Si Ana ne l’avait pas rencontrée…Elle avait secoué la tête. Elle ne voulait point y penser.

— Je veux que cela change. « Pourquoi », me demandais-tu ? Pour que pareille injustice ne se reproduise plus jamais. Pour que tu n’aies plus peur de quitter ton cloitre, ni de croiser un homme. Pour qu’aucun homme ne nous écrase impunément, caché derrière les lois. Pour que les massacres, les rapts, les violences de ces dernières semaines restent des ombres de notre Histoire. Je veux que Sveeriagë, merveilleux Sveeriagë, devienne une nation juste, et non point le terrain de jeu d’un pape qui a oublié les préceptes du Très-Haut !

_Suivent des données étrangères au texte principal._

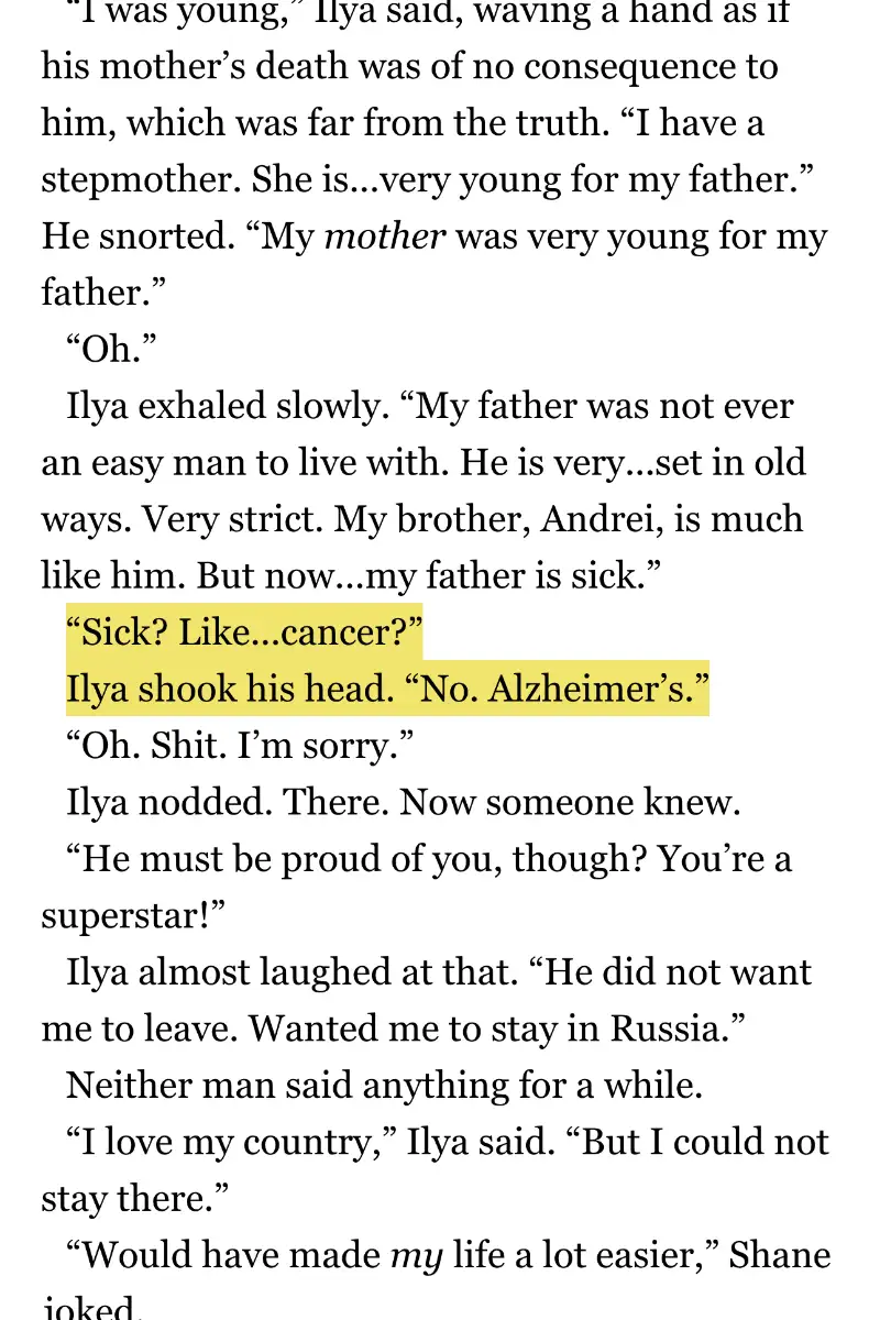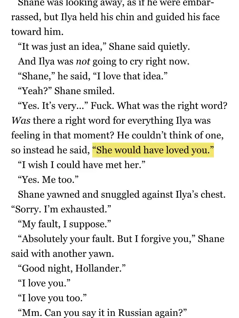 Ilya's Russian monologue doesn't exist in the book. That chapter is written from Shane's perspective, and he doesn't understand what Ilya is saying. The show created the monologue from scratch, and it became one of the most heartbreaking scenes in the season.
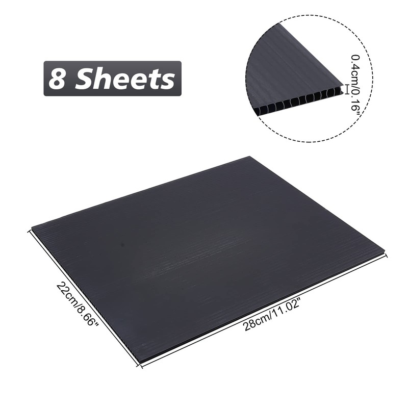 - Quantity Size: You get 8 sheets of black corrugated plastic sheets, they measure about 11.02" (28cm) wide, 8.66" (22cm) long, 0.16" (0.4cm) thick, sufficient quantity and the right size can Meet your different needs.

Un éclat brûlant dévorait ses yeux bruns, tant qu’Esther avait un instant omis les contestations qui montaient à ses lèvres.

— Tu pourrais y laisser ta vie…Et celle de Däm Magdala…

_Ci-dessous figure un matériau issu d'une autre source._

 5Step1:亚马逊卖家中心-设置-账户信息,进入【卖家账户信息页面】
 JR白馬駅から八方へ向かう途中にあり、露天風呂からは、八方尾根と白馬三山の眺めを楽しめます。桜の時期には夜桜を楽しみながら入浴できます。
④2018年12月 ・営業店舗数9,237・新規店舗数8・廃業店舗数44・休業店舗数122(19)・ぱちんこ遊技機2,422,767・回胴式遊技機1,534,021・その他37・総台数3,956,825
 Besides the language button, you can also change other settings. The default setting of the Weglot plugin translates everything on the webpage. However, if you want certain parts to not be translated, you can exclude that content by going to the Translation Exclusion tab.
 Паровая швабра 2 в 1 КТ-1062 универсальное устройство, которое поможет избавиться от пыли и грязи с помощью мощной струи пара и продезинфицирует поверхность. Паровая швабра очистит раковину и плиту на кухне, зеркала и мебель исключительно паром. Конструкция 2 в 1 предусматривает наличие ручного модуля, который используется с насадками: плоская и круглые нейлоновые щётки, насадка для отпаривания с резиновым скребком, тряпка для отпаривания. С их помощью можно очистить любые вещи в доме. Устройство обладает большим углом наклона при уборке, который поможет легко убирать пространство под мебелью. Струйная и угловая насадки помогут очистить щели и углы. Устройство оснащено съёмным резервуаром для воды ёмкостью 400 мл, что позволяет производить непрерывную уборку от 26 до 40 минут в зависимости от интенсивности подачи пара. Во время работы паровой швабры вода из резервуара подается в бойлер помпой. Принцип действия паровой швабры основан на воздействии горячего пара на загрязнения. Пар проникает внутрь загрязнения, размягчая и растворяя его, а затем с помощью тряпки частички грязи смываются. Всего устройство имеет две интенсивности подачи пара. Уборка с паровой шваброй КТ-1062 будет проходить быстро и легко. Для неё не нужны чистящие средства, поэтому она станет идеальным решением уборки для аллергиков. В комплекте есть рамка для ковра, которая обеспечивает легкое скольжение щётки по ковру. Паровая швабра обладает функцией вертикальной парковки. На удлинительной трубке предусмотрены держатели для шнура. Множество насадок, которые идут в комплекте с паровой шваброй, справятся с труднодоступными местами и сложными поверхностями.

— Si cela peut te permettre d’être heureuse et me permettre de me racheter auprès de toutes celles que j’ai laissé périr…Je suis prête à payer ce prix.

— Nous sommes préparées, avait corrigé Magdala en souriant avec assurance, à cette éventualité, miss.

— Vous êtes…

— Folles ? avait ri Marika en rendant à Esther son étreinte puissante et désespérée. Tu devrais le savoir, depuis le couvent.

Un rire étranglé suivi d’un reniflement.

— Idiote…

Marika l’avait serrée plus tendrement encore, le cœur tambourinant de peur. Le regard de Magdala ne lui avait point échappé. Il fallait partir vite. Car si l’on les trouvait là, tout jusqu’à cet instant serait réduit à néant. Et Esther payerait le prix de leur folie. Elle avait mordu sa lèvre, serré plus fort son amie pour la protéger de ce funeste sort.

— Attends-moi, l’avait-elle priée en s’arrachant à ses bras.

La cloche de la cathédrale sonnait la onzième heure à l’instant où elles pénétraient en hâte dans le grand hall de la Maison-Mère et gravissaient les degrés menant aux appartements pontificaux.